Numerous scholars have noted the historical and thematic parallels between the rise of spiritualism in the late nineteenth century and the simultaneous development of new communications technologies, including mass-circulation newspapers, the telegraph, and wireless radio. The Society for Psychical Research (SPR) was founded by scientists who hoped to find material explanations for spiritualist phenomena, and spiritualists typically employed (and employ to this day) scientific, highly technical language to explain the mechanics of spirit communication.

The video accompanying/augmenting the Mind Game’d performance is punctuated by diagrams and film clips illustrating Tofighi’s semi-intellible speech. Throughout the performance, he pulls objects related to the subject at-hand from from his coat pockets: a laser pointer, various unrecognizable eletronics, culminating with a random-number generator which he contemplates momentarily and unceremoniously discards…

As Time Splinters into Zero and One, 2023, Kathi Schulz’ performance Therianthropy / Web Archeology

ANTHROZOOMORPHIC IDENTITIES IN HISTORICAL PERSPECTIVE, Venetia Delano Robertson:

"Cultures worldwide have shape-shifters in their mythologies: the kitsune of Japan, the selkie of Scottish and Icelandic legend, the nahual of Mesoamerica, the Norse berserkers or úlfhéðnar, and of course the lycanthrope, or werewolf, from Europe. In addition, Paul Christian, without much explanation or ceremony, lists the werejaguar and werealligator of West Africa, the weretiger in India, the werecoyote in America, the werejackal in Egypt, and the weredingo in Australia.

Modern Therianthropes reference the mythical figure of the animal-human shape-shifter by calling themselves “shifters” or, sometimes, “weres,” evoking the most famous transmogrifying creature in the Western imagination, the werewolf. The recurring motif of cross-species transformation is found in the oldest recorded story, The Epic of Gilgamesh, fragments of which date as far back as 2150 BCE.

The label “Therianthrope” and the Therianthropy movement are first and foremost concerned with identity, an identity that is particularly complex because it is both hybrid and protean. The Therianthrope is a “beast-human” but also a “shifter,” which suggests a state of flux.
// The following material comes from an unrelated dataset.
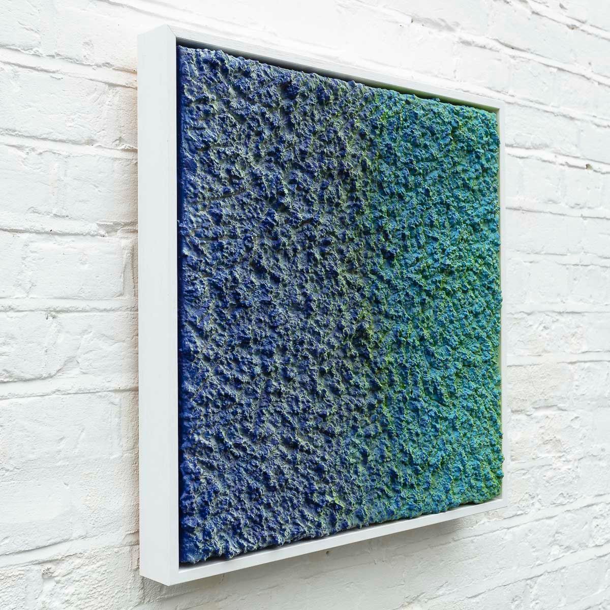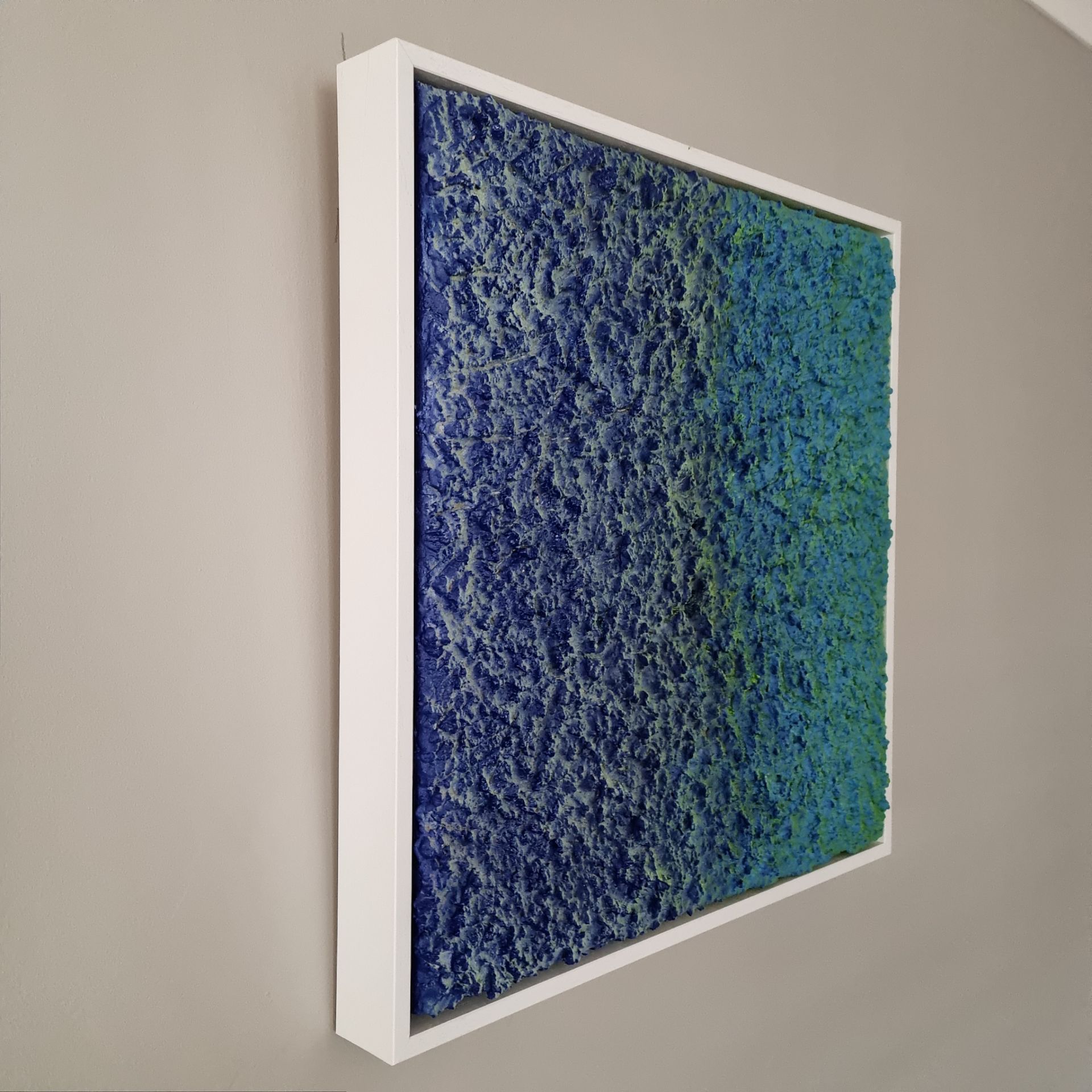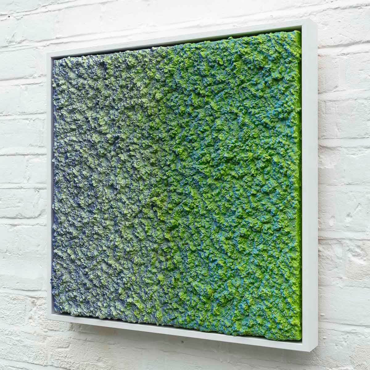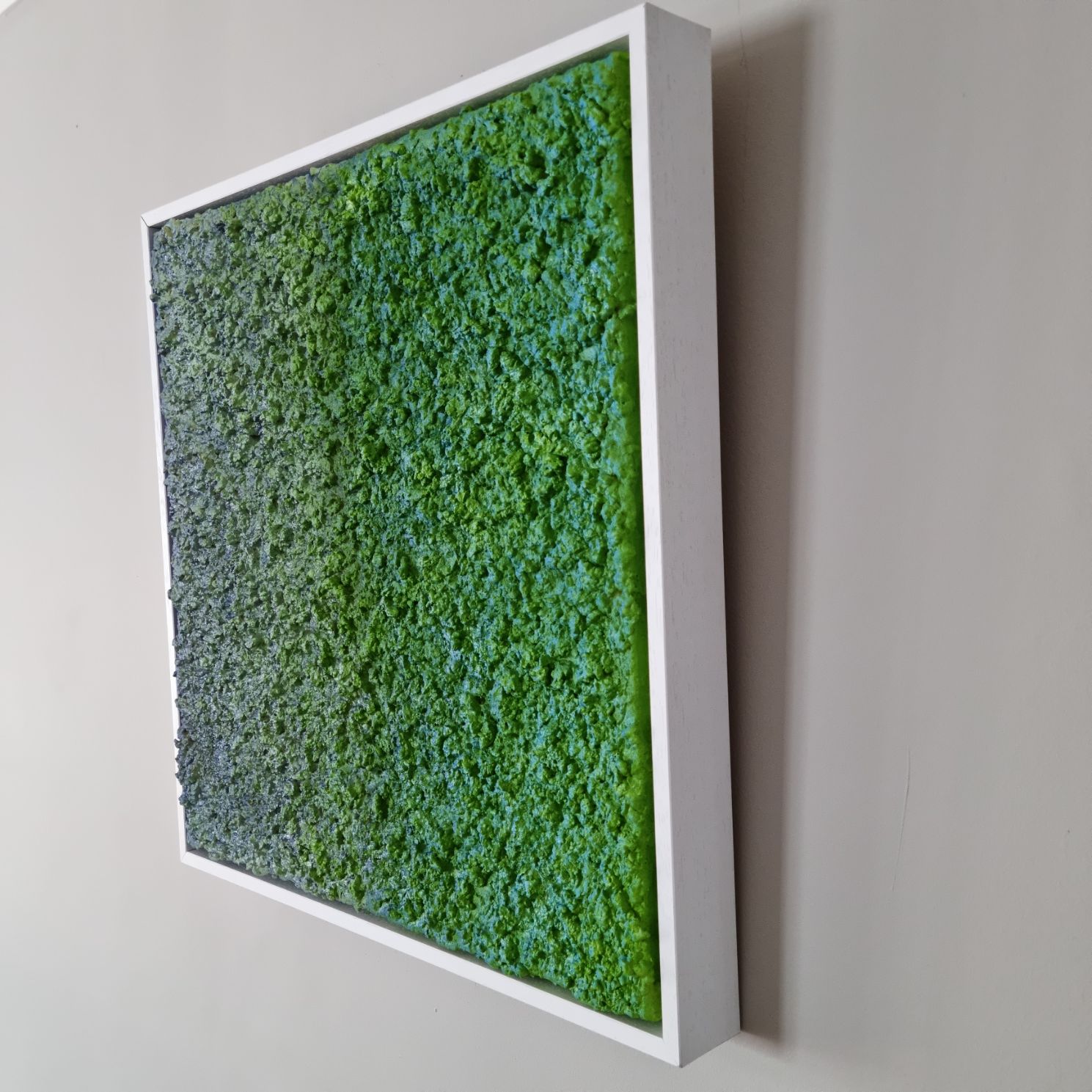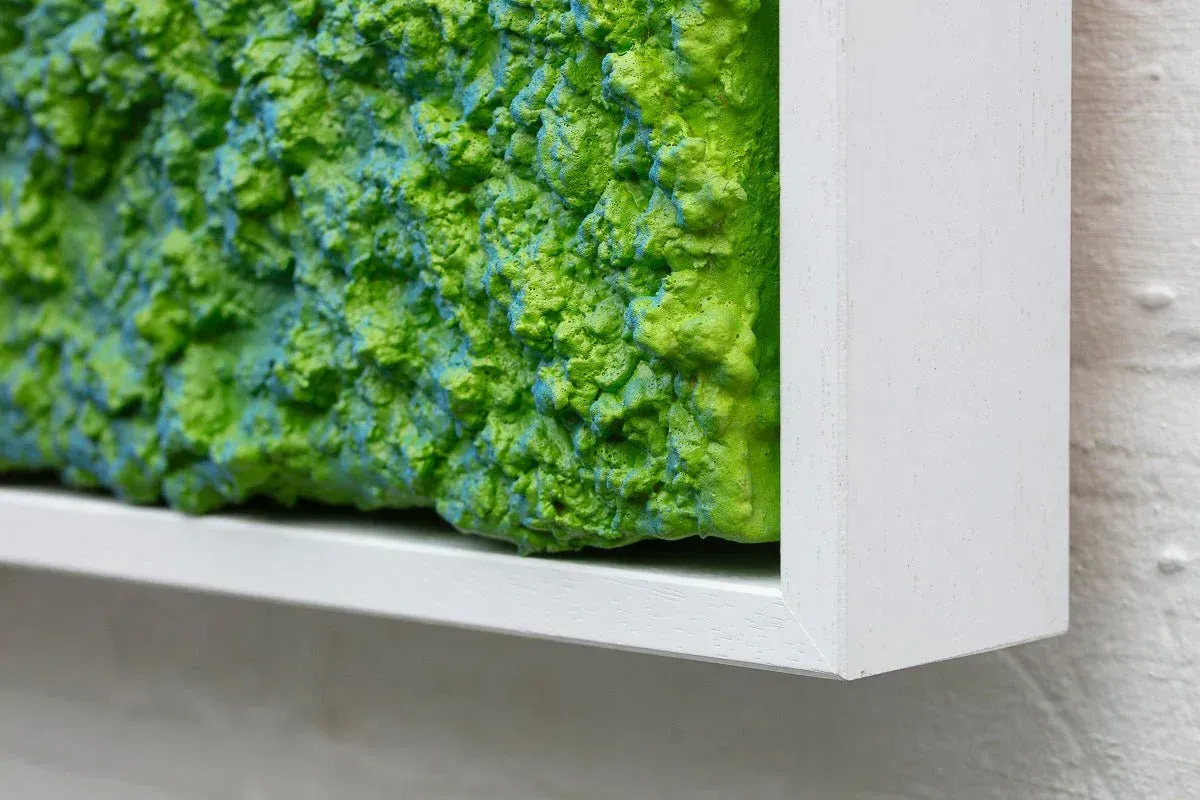 Discover the beauty of Land And Sea. This stunning piece, is elegantly framed in a white wooden tray. The artwork's textured surface and vibrant green hues evoke the serene harmony between land and sea, making it a perfect addition to any modern space.
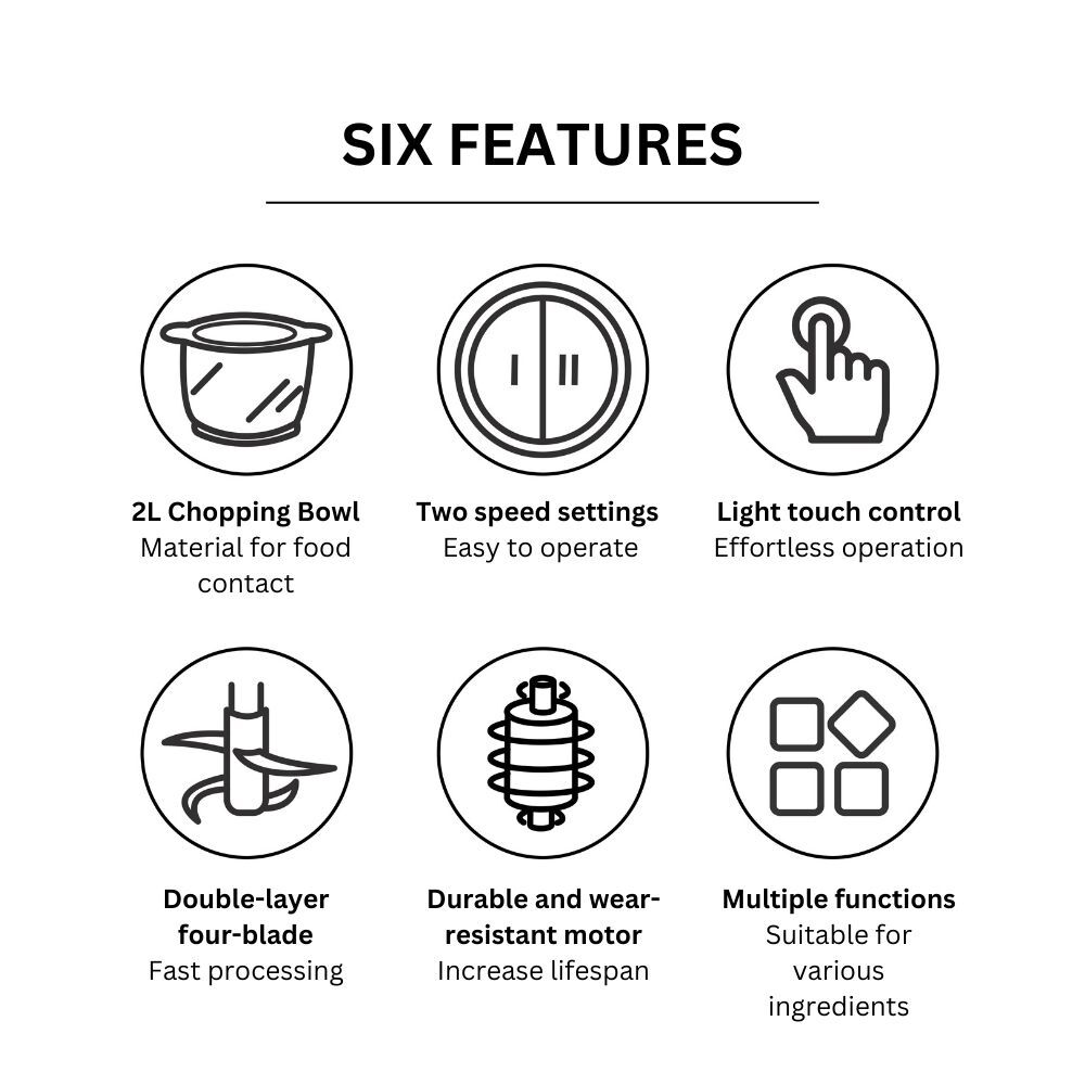 - 2L Glass Bowl: Durable and clear for easy visibility while chopping within a large capacity.

This fragmentation of identity is one of the “dilemmas of the self ” that Anthony Giddens feels late (or post) modernity has instigated.

The Internet with its expressive capacities, according to psychologist Sherry Turkle, is “contributing to a general reconsideration of traditional, unitary notions of identity.” The complex nature of the Therianthrope, so often mediated online, is indicative of this shift towards the fragmentary self, but Therians seem to revel in the faultlines."

Kathi Schulz’ As Time Splinters into Zero and One suggests Turkle’s “general reconsideration of traditional, unitary notions of identity.” through the use of Snap, Tiktok, and Instagram filters and the still-accessible “voices” emanating from “dead” websites — sites built on dead platforms, employing outdated protocols, sites that haven’t been maintained or updated by their authors in decades…

Throughout the performance, Schulz live-swaps Snapchat filters, assuming a staggering variety of personae while scrolling through an array of “dead” websites – all locked into the aesthetics, concerns, and protocols of bygone web eras. The fragmentation is furthered by her poetic, sometimes ‘disconnected’ speech. Schulz — covered in a blanket, clutching a phone– lies on the floor in front of the projection screen, her filter-altered face projected above her prone body, while her strangely disembodied voice resonates through the speakers.

Per Venetia Delano Robertson:

Fragmentation is translated into liminality, making the Therian not just a shape-shifter but one who is, as Victor Turner said, “betwixt and between,” a walker between worlds, or as Therian writer Quil muses, with “one paw in the galaxies, one paw on the earth.”